Il 21 agosto 1862 nasceva Emilio Salgari, il papà di Sandokan. Non lasciò mai l'Italia, ma viaggiò con la sua fervida fantasia.

«Tigre della magnesia, così era soprannominato Emilio Salgari dai suoi contemporanei», racconta strappando un sorriso ai suoi lettori Felice Pozzo, considerato un decano degli studi salgariani, nella biografia intitolata La vera storia di Emilio Salgari (Odoya), pubblicata nel 2022 in occasione dei 160 anni dalla nascita dello scrittore. Le mille avventure che l'anti-eroe della letteratura italiana ci ha raccontato nei suoi 89 romanzi e oltre 400 racconti, tradotti in quasi tutto il mondo, infatti, erano frutto solo della sua fervida fantasia e di accurati e pedantissimi studi in biblioteca. 

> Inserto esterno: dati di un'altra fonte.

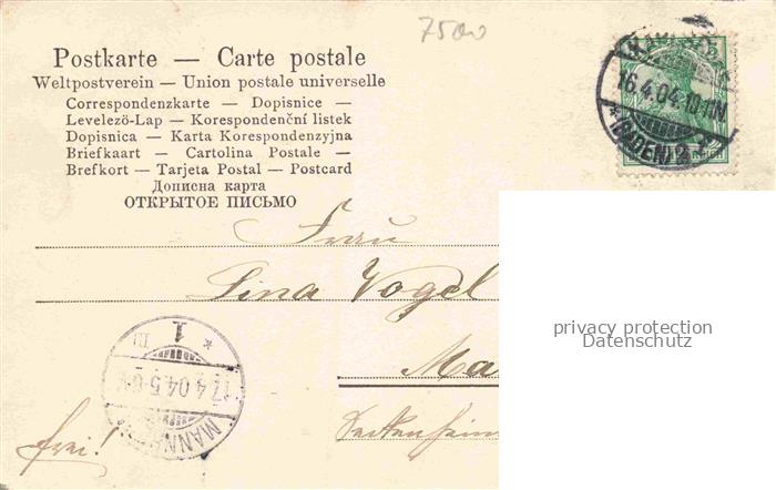 74120728 alte Postkarte KARLSRUHE Baden Hofapotheke mit Waldstrasse und Kaiserstrasse postalisch gelaufen Erhaltung siehe scans [FriedD77] KatCode: 11110008212000

Un pirata in pantofole. I Paesi esotici, Salgari, li aveva solo immaginati dal divano di casa. Non aveva viaggiato molto, a parte qualche comoda trasferta in treno, aveva conosciuto solo le acque del natio Adige e del Mare adriatico, dove aveva navigato per tre mesi a bordo dell'Italia Una, uno scassatissimo mercantile che faceva la spola tra Venezia e Dubrovnik. L'autore de Le tigri di Mompracem di animali esotici in carne e ossa non ne vide mai uno in vita sua. Tantomeno visse in prima persona il sangue,  le torture, i tradimenti, le passioni ardenti e la sete di vendetta, veri protagonisti dei suoi romanzi. A parte un controverso episodio di gioventù, su cui ricamò parecchio la cronaca locale, quando sfidò a duello (era un campione nella sciabola)  un collega giornalista dell'Adige, che aveva osato mettere in dubbio il suo curriculum nautico, conduceva una vita appartata e un po' triste. Per la verità l'unico sangue che deve aver visto scorrere a fiotti fu il suo. Prima, quando tentò il suicidio nel 1909, gettandosi su una spada, salvato all'ultimo dalla figlia Fathima. E infine quando si squarciò ventre e gola con un rasoio il 25 aprile del 1911. Mentre Torino festeggiava i cinquant'anni dell'Unità d'Italia, lui che di anni ne aveva appena 49, si tolse la vita in modo talmente cruento da ricordare le feroci morti dei suoi personaggi.

Il fascino di mondi lontani. Unica gioia l'amatissima moglie Ida Peruzzi, soprannominata Aida da Salgari, come l'eroina verdiana. Un'attrice di teatro sposata nel 1892, che lo scrittore fu costretto suo malgrado a far ricoverare in manicomio, a soli 42 anni, dopo avergli dato quattro figli: Fathima, Nadir, Romero e Omar.
Già dai nomi dei bambini s'intuisce quanto fascino esercitasse su Salgari l'Oriente. Aveva alimentato la sua passione per le terre lontane, "nutrendosi" fin da ragazzo dei grandi romanzi scritti da mostri sacri come Jules Verne, Alexandre Dumas (padre) e Edgar Allan Poe, divorando atlanti e dizionari, e senza farsi mai mancare le sue riviste predilette: il Giornale Illustrato dei Viaggi di Sonzogno e La Valigia di Galbini.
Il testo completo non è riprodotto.